Recorded information

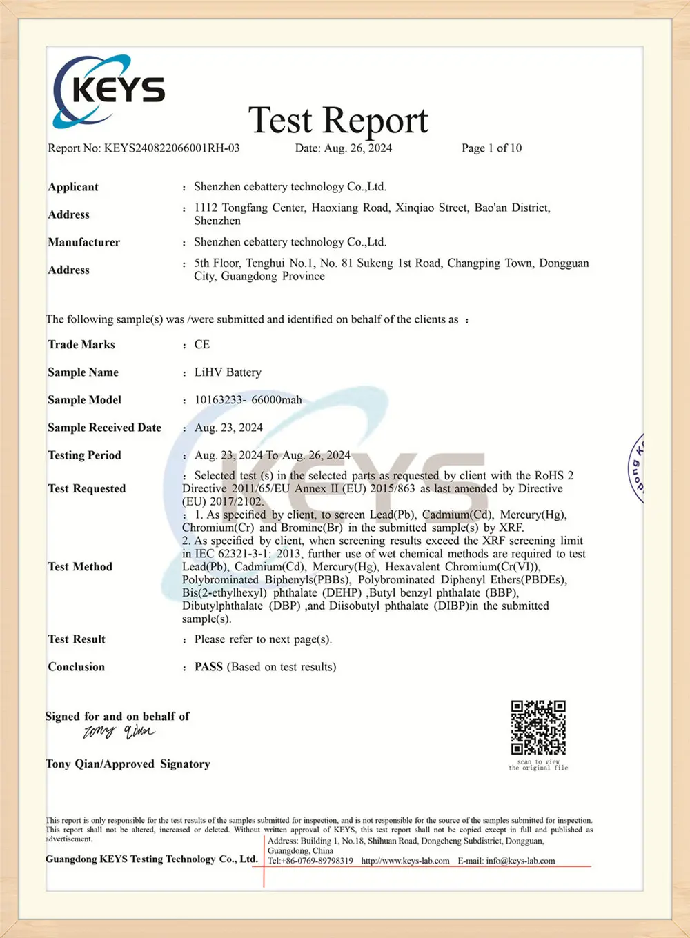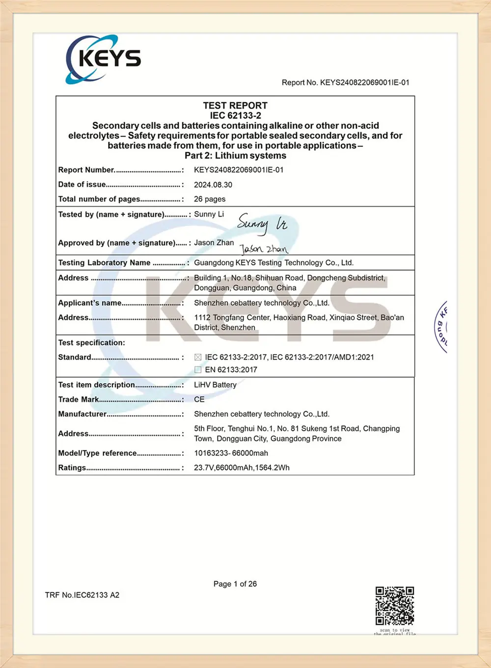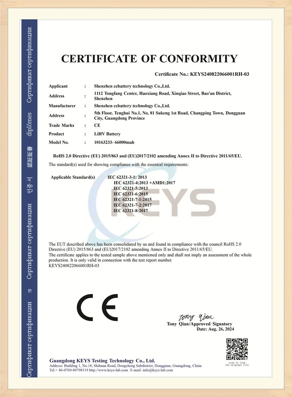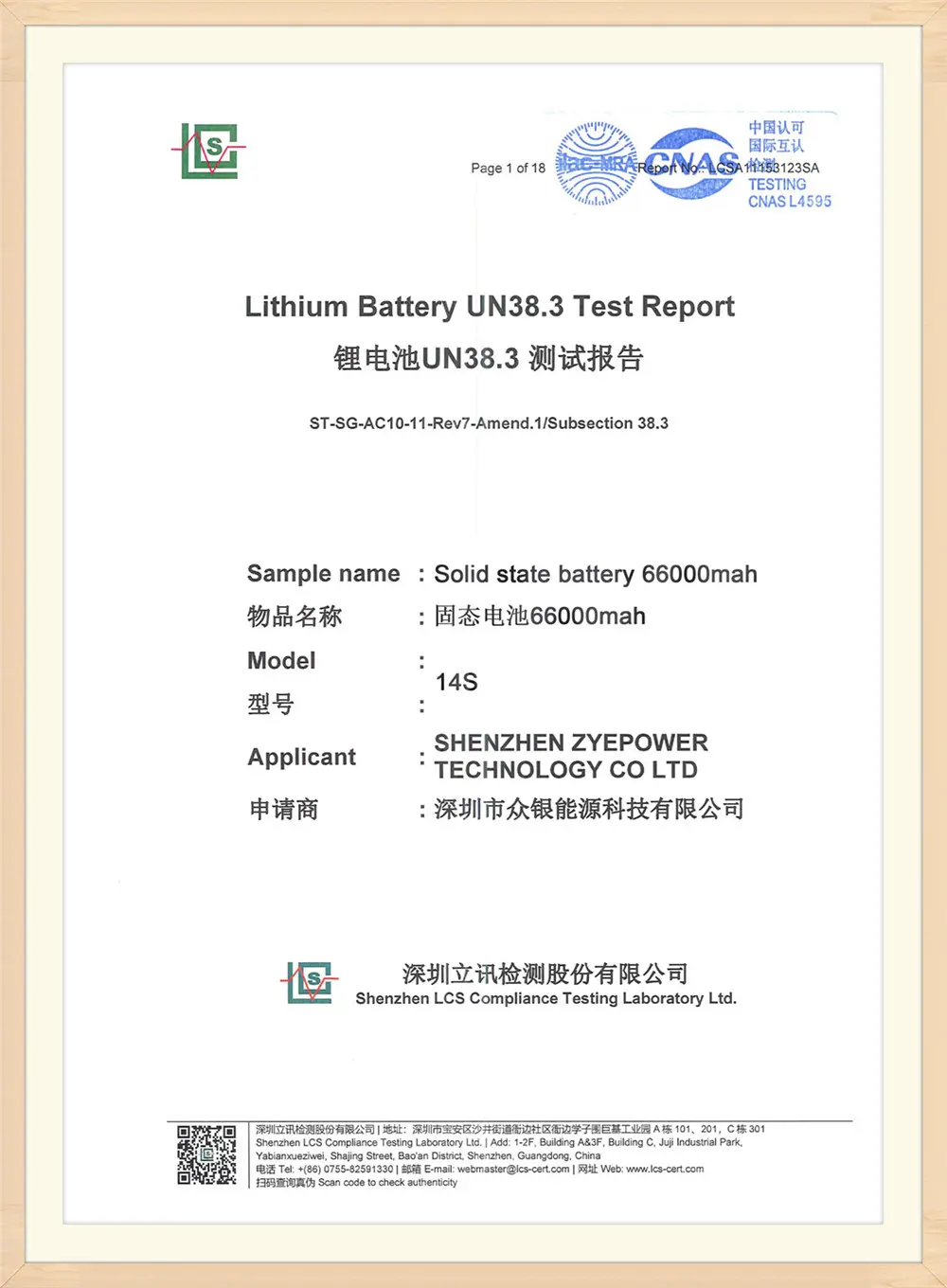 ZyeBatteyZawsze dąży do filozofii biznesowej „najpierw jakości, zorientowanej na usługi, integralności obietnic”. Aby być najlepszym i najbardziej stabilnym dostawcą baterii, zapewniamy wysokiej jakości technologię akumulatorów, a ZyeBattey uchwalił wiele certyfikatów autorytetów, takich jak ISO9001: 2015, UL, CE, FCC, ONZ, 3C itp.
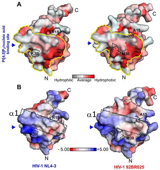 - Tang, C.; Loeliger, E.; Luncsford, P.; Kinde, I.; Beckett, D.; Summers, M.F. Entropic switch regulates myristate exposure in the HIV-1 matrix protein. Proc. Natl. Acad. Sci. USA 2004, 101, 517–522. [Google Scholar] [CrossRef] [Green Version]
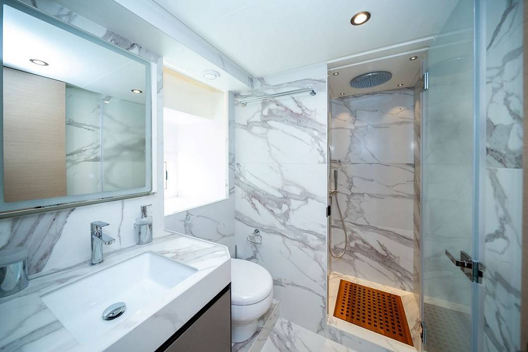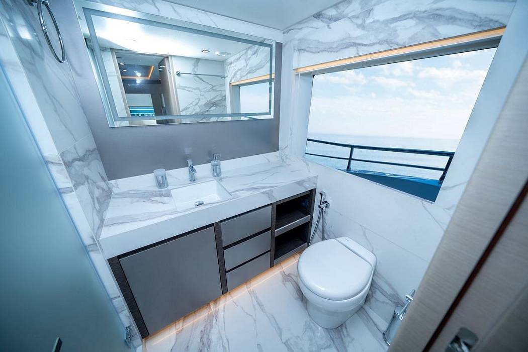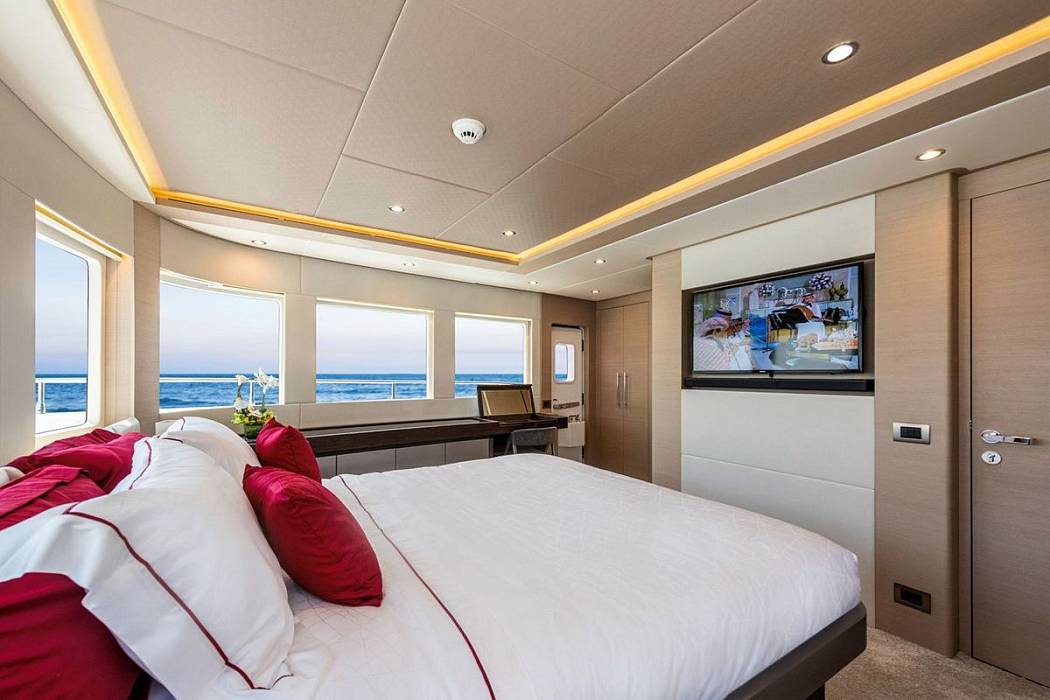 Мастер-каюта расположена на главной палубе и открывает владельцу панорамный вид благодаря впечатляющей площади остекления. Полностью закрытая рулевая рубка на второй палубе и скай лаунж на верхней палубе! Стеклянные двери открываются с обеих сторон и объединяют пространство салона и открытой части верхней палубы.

Exercise goal
Your answer must reproduce exactly the lines from the line with "- Tang, C.;" through the end of the material, both ends included, with every picture dropped.

Solution
 - Tang, C.; Loeliger, E.; Luncsford, P.; Kinde, I.; Beckett, D.; Summers, M.F. Entropic switch regulates myristate exposure in the HIV-1 matrix protein. Proc. Natl. Acad. Sci. USA 2004, 101, 517–522. [Google Scholar] [CrossRef] [Green Version]
 Мастер-каюта расположена на главной палубе и открывает владельцу панорамный вид благодаря впечатляющей площади остекления. Полностью закрытая рулевая рубка на второй палубе и скай лаунж на верхней палубе! Стеклянные двери открываются с обеих сторон и объединяют пространство салона и открытой части верхней палубы.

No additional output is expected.